Nome is located at (64.503889, −165.399444). According to the United States Census Bureau, the city has a total area of 21.6 sqmi, of which 12.5 sqmi is land and 9.1 sqmi (41.99%) is water.

Nome has a subarctic climate (Köppen Dfc), closely bordering on a tundra climate (Köppen ET), with long, very cold winters, and short, cool summers. Conditions in both winter and summer are moderated by the city's coastal location. Winters are less severe than in the Alaskan interior, and conversely, summers are lukewarm. For example, Fairbanks at a similar parallel quite far inland has much greater temperature swings, with both very warm and cold temperatures throughout the year. Even so, Nome is influenced by Far East Russia's cold landmass, and as a result the climate is much colder than in coastal Scandinavia at similar latitudes.

Nome's climate chart

The coldest month is January, averaging 5.6 °F. Highs on average breach the freezing point on 3–5 days per month from December to March. Annually, there have been 72 days of 0 °F or lower temperatures recorded as early as October 12 in 1996, and as late as May 5 in 1984. Average highs stay below freezing from late October until late April. The average first and last dates of freezing lows are September 2 and June 9, respectively, a freeze-free period of 78 days.

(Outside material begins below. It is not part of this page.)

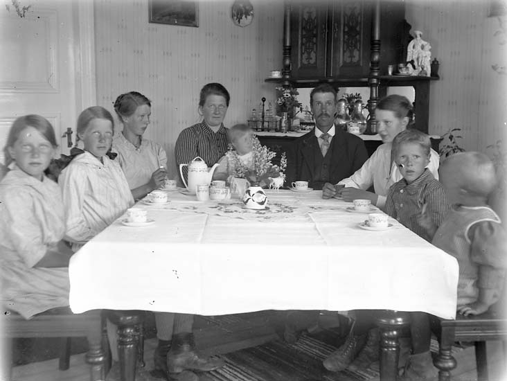Enligt notering: "Vuxna och barn vid kaffebordet".
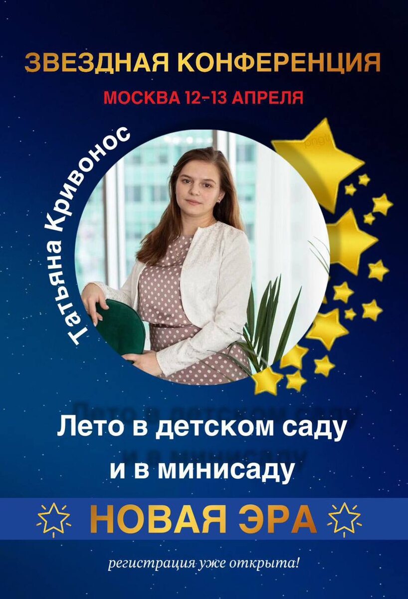 Международная конференция : «НОВАЯ ЭРА» Дата: 12–13 апреля Место проведения: Москва Формат: Оффлайн-конференция Главная идея мероприятия: Полное погружение в практику для руководителей детских центров, студий и частных школ. Спикеры – практикующие эксперты в сфере детского бизнеса, готовы поделиться инструментами, методиками и кейсами, которые помогают эффективно управлять, развивать и продвигать детские центры. --- ## Организаторы и спикеры 1. Анжела Юрьевна - Кандидат филологических наук, доцент. - Руководитель сети детских центров «Росток». - Бизнес-тренер, автор методических программ. - Организатор офлайн и онлайн конференций. - По её методикам работают центры в России, Казахстане, Турции, Германии, Испании, США, Англии и др. 2. Руководитель детского центра «Академия» Елизарова Татьяна Анатольевна - Основатель бизнес-школы «Академия развития» для руководителей детских центров (6000+ человек ежегодно). - Организатор бизнес-конференций и автор развивающих программ. -

The warmest month is July, with an average of 52.0 °F. Temperatures rarely reach 80 °F or remain above 60 °F the whole night. Snow averages 82.8 in per season, with the average first and last dates of measurable (≥0.1 in) snowfall being October 4 and May 16. Accumulating snow has not been officially observed in July or August. Precipitation is greatest in the summer months, and averages 17.22 in per year. The annual average temperature is 28.0 °F.

Extreme temperatures range from −54 °F on January 27–28, 1989 up to 86 °F on June 19, 2013, and July 31, 1977. The record cold daily maximum is −40 °F, set on January 28-29, 1919. The record warm daily minimum is 64 °F on July 20, 1993, and August 14, 1926. The coldest day of the year averaged -17 F in the 1991 to 2020 normals, while the warmest night average was at 57 F.

The coldest has been February 1990 with a mean temperature of −17.2 F. The warmest month was August 1977 at 56.3 F. The annual mean temperature has ranged from 21.1 F in 1920 to 32.5 F in 2016.

Bering Sea water temperatures around Nome vary during summer from 36 to 50 °F.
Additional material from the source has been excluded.